Yemen's internationally-recognised government Monday said it will take part in proposed peace talks, hours after a high-ranking Yemeni rebel official urged his leadership to freeze military operations.
The moves come ahead of a visit in the next few days to the war-torn country by UN envoy Martin Griffiths, who is once again trying to get all sides around the negotiating table.
"The government has informed the UN envoy to Yemen... that it will send a government delegation to the talks with the aim of reaching a political solution," Yemen's foreign ministry said, quoted by the official Saba news agency.

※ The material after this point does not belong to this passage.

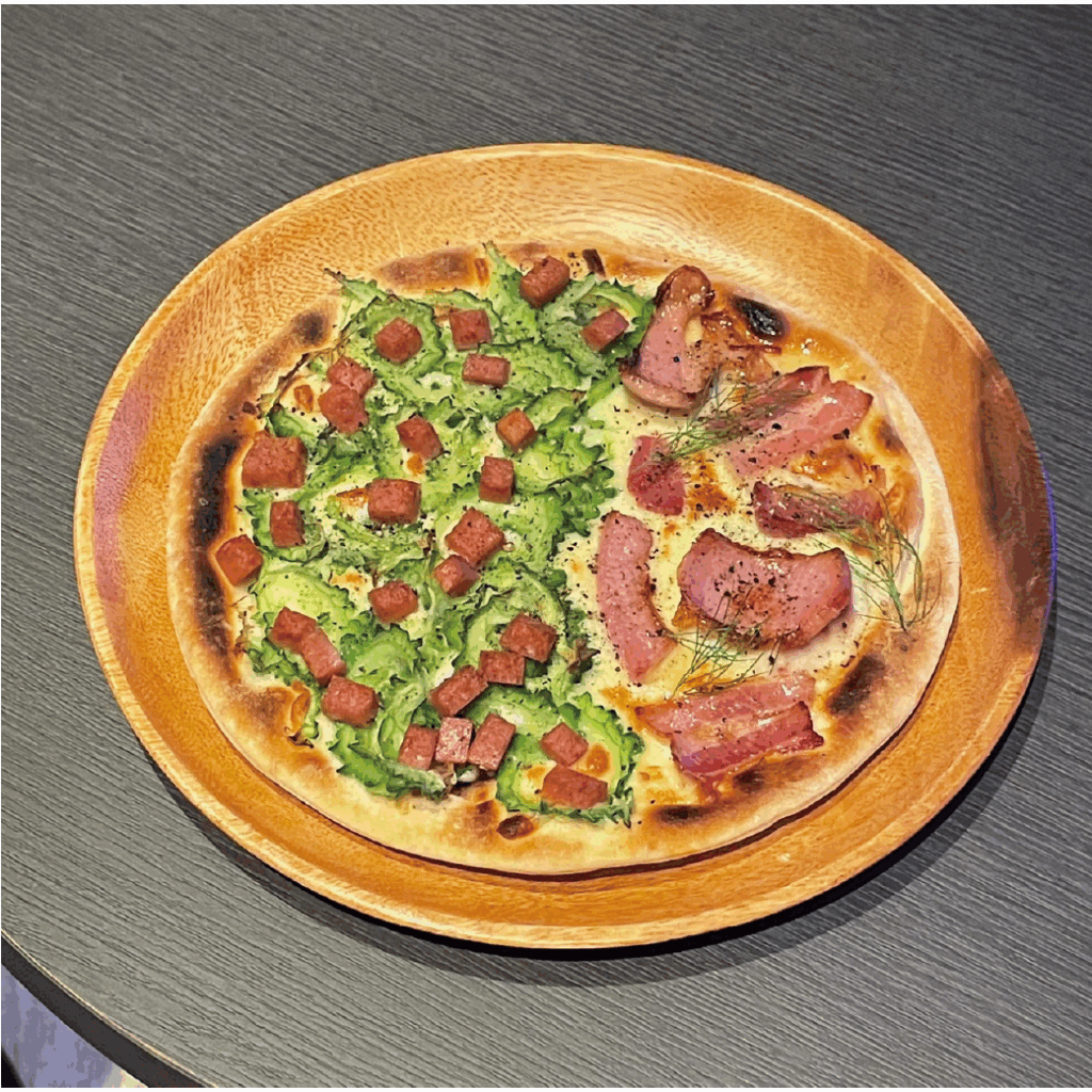 「え、ゴーヤのピザ!?」と思ったあなた、ぜひ一口食べてみて!島豚ベーコンの旨み × ゴーヤのほろ苦さ が絶妙にマッチ♪石垣島ならではの 驚きと美味しさ を一皿で体験!

Earlier Mohammed Ali al-Huthi, head of the Huthi rebels' Higher Revolutionary Committee and an influential political figure, tweeted that he wanted his group to announce "readiness to suspend and halt all military operations" and stop firing missiles on Saudi Arabia.
Riyadh, which is backing the Yemeni government, also lent its support to new talks.
The Iran-backed Huthi rebels have controlled Yemen's capital Sanaa since capturing it in late 2014. They also still hold the key port of Hodeida on the Red Sea in what has become a brutal almost four-year war, which has pushed millions of Yemenis to the brink of starvation.
The rebels have also fired hundreds of ballistic missiles into neighbouring Saudi Arabia, which has since 2015 has led a military coalition to restore to power President Abedrabbo Mansour Hadi's government.
Mohammed Ali al-Huthi called on "all (Huthi) official Yemeni sides to issue directives to end launching missiles and drones against aggression countries" which would "deprive them of any reason to continue their aggression and siege."